### Task item
Return the data below exactly, please, but drop the pictures.

### Data section
══════════════════════════════

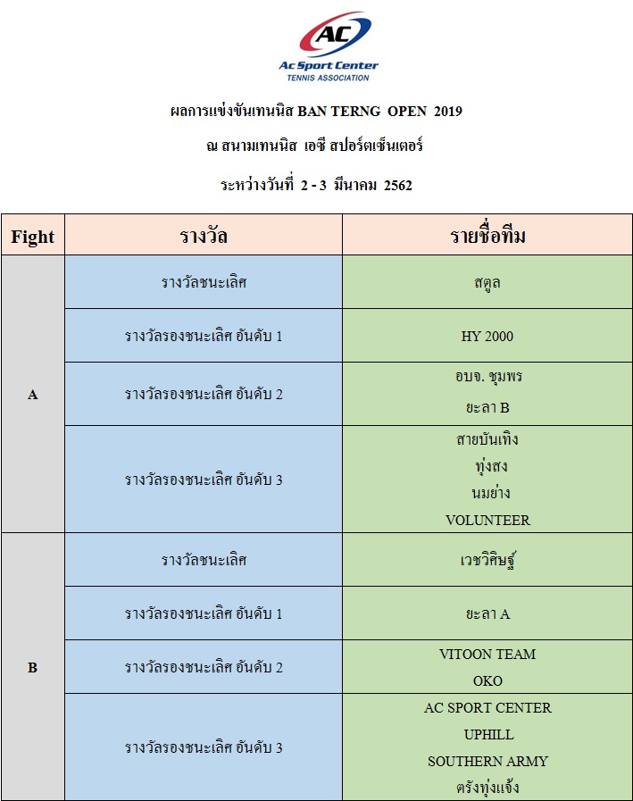 ผลการแข่งขัน BAN TERNG TEAM CD 2024
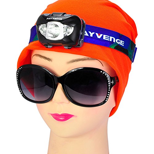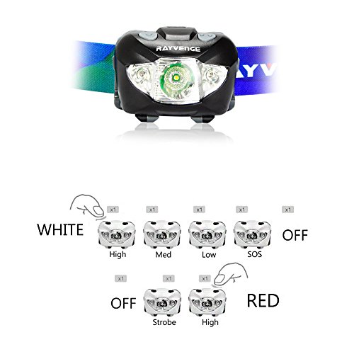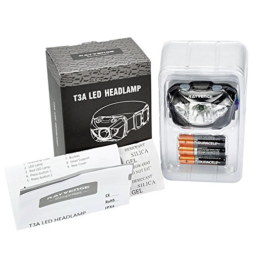 Rayvenge T3A LED Headlamp with Red Light - Lightweight headlamp Flashlight for Running, Hiking, Camping - Best Headlamps with 3 AAA Batteries, 168-Lumen, Waterproof, Long Battery Life
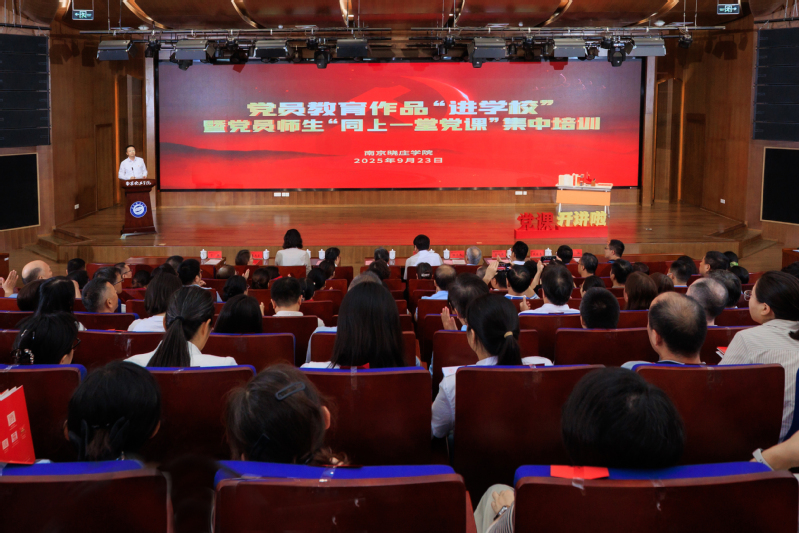 9月23日,省市党员教育作品“进学校”暨党员师生“同上一堂课”集中培训在我校方山校区工科楼报告厅顺利举办。江苏省委组织部党员教育中心副主任闫伟、南京市委党建办主任杨花伟、南京市纪委监委派驻市教育局纪检监察组组长、市委教育工委委员何俊妍,校党委书记张策华、党委副书记易永建出席活动。省委组织部、市委组织部、市委教育工委相关处室负责同志,全市教育系统党员代表以及我校各二级党组织党员师生代表300余人现场参加培训,我校其他党员师生通过线上直播方式在各分课堂同步参训。

══════════════════════════════

### Written solution
 ผลการแข่งขัน BAN TERNG TEAM CD 2024
 Rayvenge T3A LED Headlamp with Red Light - Lightweight headlamp Flashlight for Running, Hiking, Camping - Best Headlamps with 3 AAA Batteries, 168-Lumen, Waterproof, Long Battery Life
 9月23日,省市党员教育作品“进学校”暨党员师生“同上一堂课”集中培训在我校方山校区工科楼报告厅顺利举办。江苏省委组织部党员教育中心副主任闫伟、南京市委党建办主任杨花伟、南京市纪委监委派驻市教育局纪检监察组组长、市委教育工委委员何俊妍,校党委书记张策华、党委副书记易永建出席活动。省委组织部、市委组织部、市委教育工委相关处室负责同志,全市教育系统党员代表以及我校各二级党组织党员师生代表300余人现场参加培训,我校其他党员师生通过线上直播方式在各分课堂同步参训。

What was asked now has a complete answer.